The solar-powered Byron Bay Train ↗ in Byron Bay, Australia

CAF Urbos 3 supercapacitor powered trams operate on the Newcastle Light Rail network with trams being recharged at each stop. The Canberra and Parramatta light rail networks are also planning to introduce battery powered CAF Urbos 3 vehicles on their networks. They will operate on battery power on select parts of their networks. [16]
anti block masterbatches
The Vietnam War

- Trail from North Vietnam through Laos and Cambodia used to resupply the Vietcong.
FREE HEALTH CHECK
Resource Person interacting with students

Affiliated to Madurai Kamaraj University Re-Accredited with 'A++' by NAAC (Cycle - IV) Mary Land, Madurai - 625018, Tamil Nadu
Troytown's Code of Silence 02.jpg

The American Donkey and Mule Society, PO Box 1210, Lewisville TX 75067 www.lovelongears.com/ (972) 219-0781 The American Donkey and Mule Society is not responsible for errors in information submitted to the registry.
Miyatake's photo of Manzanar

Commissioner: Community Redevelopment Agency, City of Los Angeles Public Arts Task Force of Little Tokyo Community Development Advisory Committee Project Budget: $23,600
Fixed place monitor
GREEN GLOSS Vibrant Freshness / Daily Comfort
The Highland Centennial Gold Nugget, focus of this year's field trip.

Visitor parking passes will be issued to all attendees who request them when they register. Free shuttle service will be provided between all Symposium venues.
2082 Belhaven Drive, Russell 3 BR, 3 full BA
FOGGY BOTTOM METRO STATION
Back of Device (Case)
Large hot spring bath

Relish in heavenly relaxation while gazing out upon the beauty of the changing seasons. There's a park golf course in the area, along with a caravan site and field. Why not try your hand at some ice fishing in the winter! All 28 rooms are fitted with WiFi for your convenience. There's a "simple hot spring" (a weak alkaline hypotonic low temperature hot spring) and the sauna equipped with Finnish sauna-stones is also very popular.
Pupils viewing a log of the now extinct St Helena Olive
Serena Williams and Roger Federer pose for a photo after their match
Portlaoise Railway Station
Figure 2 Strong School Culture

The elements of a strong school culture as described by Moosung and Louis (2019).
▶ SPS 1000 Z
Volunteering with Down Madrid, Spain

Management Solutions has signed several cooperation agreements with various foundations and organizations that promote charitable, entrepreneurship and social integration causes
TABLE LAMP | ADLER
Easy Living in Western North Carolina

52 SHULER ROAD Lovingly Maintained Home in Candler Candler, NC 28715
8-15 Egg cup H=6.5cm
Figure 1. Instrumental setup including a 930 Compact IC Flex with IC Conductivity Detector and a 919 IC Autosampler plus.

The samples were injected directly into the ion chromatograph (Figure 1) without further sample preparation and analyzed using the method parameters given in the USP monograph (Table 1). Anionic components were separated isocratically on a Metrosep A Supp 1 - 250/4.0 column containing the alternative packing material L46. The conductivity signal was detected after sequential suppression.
* * *
- _BRIEF_
Retype all the data, changing nothing.

- _SOLUTION TO THIS PROBLEM_
The solar-powered Byron Bay Train ↗ in Byron Bay, Australia

CAF Urbos 3 supercapacitor powered trams operate on the Newcastle Light Rail network with trams being recharged at each stop. The Canberra and Parramatta light rail networks are also planning to introduce battery powered CAF Urbos 3 vehicles on their networks. They will operate on battery power on select parts of their networks. [16]
anti block masterbatches
The Vietnam War

- Trail from North Vietnam through Laos and Cambodia used to resupply the Vietcong.
FREE HEALTH CHECK
Resource Person interacting with students

Affiliated to Madurai Kamaraj University Re-Accredited with 'A++' by NAAC (Cycle - IV) Mary Land, Madurai - 625018, Tamil Nadu
Troytown's Code of Silence 02.jpg

The American Donkey and Mule Society, PO Box 1210, Lewisville TX 75067 www.lovelongears.com/ (972) 219-0781 The American Donkey and Mule Society is not responsible for errors in information submitted to the registry.
Miyatake's photo of Manzanar

Commissioner: Community Redevelopment Agency, City of Los Angeles Public Arts Task Force of Little Tokyo Community Development Advisory Committee Project Budget: $23,600
Fixed place monitor
GREEN GLOSS Vibrant Freshness / Daily Comfort
The Highland Centennial Gold Nugget, focus of this year's field trip.

Visitor parking passes will be issued to all attendees who request them when they register. Free shuttle service will be provided between all Symposium venues.
2082 Belhaven Drive, Russell 3 BR, 3 full BA
FOGGY BOTTOM METRO STATION
Back of Device (Case)
Large hot spring bath

Relish in heavenly relaxation while gazing out upon the beauty of the changing seasons. There's a park golf course in the area, along with a caravan site and field. Why not try your hand at some ice fishing in the winter! All 28 rooms are fitted with WiFi for your convenience. There's a "simple hot spring" (a weak alkaline hypotonic low temperature hot spring) and the sauna equipped with Finnish sauna-stones is also very popular.
Pupils viewing a log of the now extinct St Helena Olive
Serena Williams and Roger Federer pose for a photo after their match
Portlaoise Railway Station
Figure 2 Strong School Culture

The elements of a strong school culture as described by Moosung and Louis (2019).
▶ SPS 1000 Z
Volunteering with Down Madrid, Spain

Management Solutions has signed several cooperation agreements with various foundations and organizations that promote charitable, entrepreneurship and social integration causes
TABLE LAMP | ADLER
Easy Living in Western North Carolina

52 SHULER ROAD Lovingly Maintained Home in Candler Candler, NC 28715
8-15 Egg cup H=6.5cm
Figure 1. Instrumental setup including a 930 Compact IC Flex with IC Conductivity Detector and a 919 IC Autosampler plus.

The samples were injected directly into the ion chromatograph (Figure 1) without further sample preparation and analyzed using the method parameters given in the USP monograph (Table 1). Anionic components were separated isocratically on a Metrosep A Supp 1 - 250/4.0 column containing the alternative packing material L46. The conductivity signal was detected after sequential suppression.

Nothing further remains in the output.